We should be able to get numbers for at least A57, right?

cheers,
--renato

Hi Balaram,

This seems like a good thing to do overall, not just for Kryo, or when the option is chosen.

I agree and would advocate enabling this by default after some additional testing.

It would be good to know how it performs in vanilla AArch64 cores (A53, A57) so we could enable them by default.

We should be able to get numbers for at least A57, right?

Thanks Renato and Chad,

Yes I will test it on A57 and report the results, but I need others help in testing other AArch64 targets as I do not have access to them.

cheers,
--renato

bmakam added a comment.EditedMay 24 2016, 10:27 AM

Hi Renato,

It seems like this patch is unfavourable to A57. In our internal tests we found that in spec2006/mcf this patch generates the following code difference:

sub x15, x15, x17                                                             ==  sub x15, x15, x17
ldr x17, [x14,#16]                                                            ==  ldr x17, [x14,#16]
ldr x17, [x17]                                                                ==  ldr x17, [x17]
add x15, x17, x15                                                             ==  add x15, x17, x15
tbnz x15, #63, L13                                                            ==  tbnz x15, #63, L13
                                                                              >>  cbz x15, L12
cmp x15, #0x0                                                                 <<
                                                                              >>  cmp w16, #0x2
ccmp w16, #0x2, #0x0, ne                                                      <<
b.eq L14                                                                      ==  b.eq L14
b L12                                                                         ==  b L12

The performance depends on the cost of the cbz here. On Kryo we see 3% gain with this patch whereas on A57 we see 10% regression. This branch seems to be mostly not taken and so when we place the cbz out of the critical path as show below

tbnz    x15, #63, L13
cmp     w16, #0x2
b.ne    L12
cbnz    x15, L14
b       L12

the performance on A57 improves by 4%. I am not sure but it seems like the cost of cbz on A57 is higher than on Kryo.

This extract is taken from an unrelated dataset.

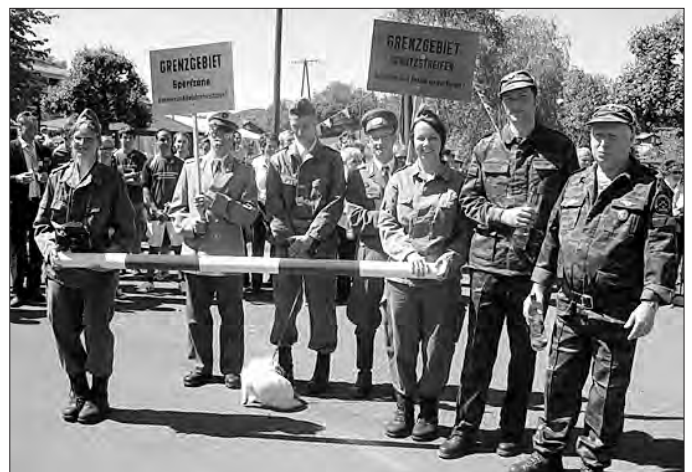
Achtung Sperrzone, Besucher unerwünscht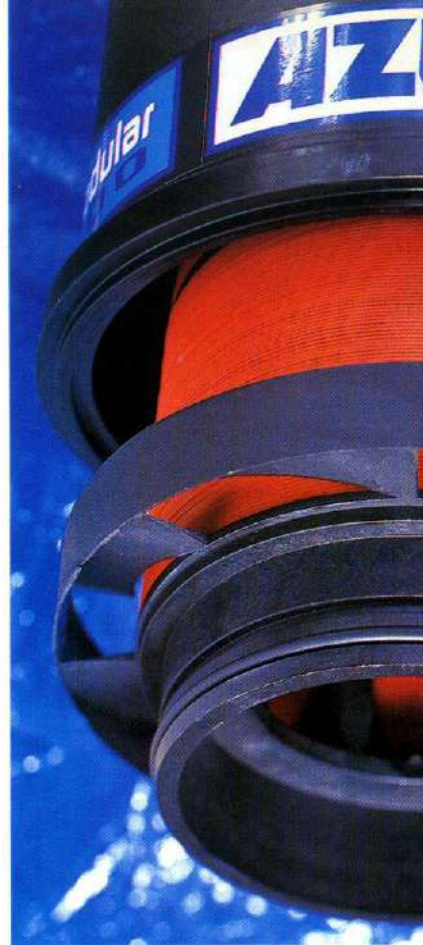
Cartucho autolimpiante de anillas

tando por la renovación tecnológica y la calidad se puede ganar la batalla comercial», comentan en la empresa. Esto es, la búsqueda de la competitividad internacional y de los nuevos mercados, ha sido el principal impulsor de un continuado proceso de innovación tecnológica que ha proporcionado excelentes resultados a Azud.

The performance depends on the cost of the cbz here. On Kryo we see 3% gain with this patch whereas on A57 we see 10% regression. This branch seems to be mostly not taken and so when we place the cbz out of the critical path as show below (...)
the performance on A57 improves by 4%. I am not sure but it seems like the cost of cbz on A57 is higher than on Kryo.

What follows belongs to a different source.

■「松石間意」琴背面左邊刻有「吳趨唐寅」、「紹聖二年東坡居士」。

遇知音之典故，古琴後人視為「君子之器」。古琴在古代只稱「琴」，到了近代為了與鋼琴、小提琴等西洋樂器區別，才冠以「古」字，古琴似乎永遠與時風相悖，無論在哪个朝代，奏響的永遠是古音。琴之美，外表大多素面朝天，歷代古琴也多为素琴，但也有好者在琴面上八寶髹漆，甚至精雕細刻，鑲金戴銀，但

This is interesting... I wasn't expecting that much of a difference, but sub-arch issues can cause massive changes.

Now, about the CBZ, it may be it, or it may be a class of instructions that are faster on Kryo, or it could be a red herring.

Regardless, I don't think we should limit this optimization with a FeatureFastCBZ flag, because that would be extrapolating without data. I really think that enabling this on all A64 will bring more problems than solve, but limiting on a flag or for Kryo only would be weird.

Since this doesn't seem to have a big impact, even for Kryo, I'm reluctant...

I'd welcome Tim's and James' point of view on this.

cheers,
--renato

Hi Balaram,

This seems like a good thing to do overall, not just for Kryo, or when the option is chosen.

I agree and would advocate enabling this by default after some additional testing.

It would be good to know how it performs in vanilla AArch64 cores (A53, A57) so we could enable them by default.

We should be able to get numbers for at least A57, right?

Thanks Renato and Chad,

Yes I will test it on A57 and report the results, but I need others help in testing other AArch64 targets as I do not have access to them.

cheers,
--renato

I ran this patch against r270609, on both Cortex-A53 and Cortex-A57, across spec2000, spec2006, test-suite, and a few other benchmark suites.
The only clear performance differences I saw were:

On Cortex-A53:
SingleSource/Benchmarks/Misc/mandel-2 7.7% speedup

On Cortex-A57:
spec.cpu2006.ref.429_mcf 2.9% slowdown
SingleSource/Benchmarks/Misc/mandel-2 2.9% slowdown

Overall, my measurements seem to indicate this gives a significant performance impact only in very few cases.
I'd be happy for this to be enabled by default for all cores, even though the data indicates this only has a minor impact on performance overall.

Thanks for testing Kristof. I have pushed D21299 that will fix the regressions and will help enabling this change by default for all the subtargets. Once D21299 lands, I expect to see 8% improvement in spec2006/mcf with this patch.

rengolin accepted this revision.Jun 15 2016, 10:51 AM
rengolin added a reviewer: rengolin.

With this being a flag that is disabled by default and generic to all targets, it now looks good to me.

Thanks Balaram, Kristof!

This revision is now accepted and ready to land.Jun 15 2016, 10:51 AM

Thanks for the review Renato.

This hasn't gone in yet, just FYI.

bmakam added a comment.Jul 7 2016, 8:46 AM

This hasn't gone in yet, just FYI.

Thanks Renato, I was hoping to get this in after D21299.

mcrosier resigned from this revision.Jul 26 2016, 10:38 AM
mcrosier removed a reviewer: mcrosier.
mcrosier removed a subscriber: mcrosier.

This hasn't gone in yet, just FYI.

Renato, do you still think this should be landed, now that D21299 is abandoned? Perhaps someone can use it for experimenting, but I am ok with it not going in too.

No, better to keep this local in your tree and put it up again if it's needed.

bmakam abandoned this revision.Aug 19 2016, 4:09 AM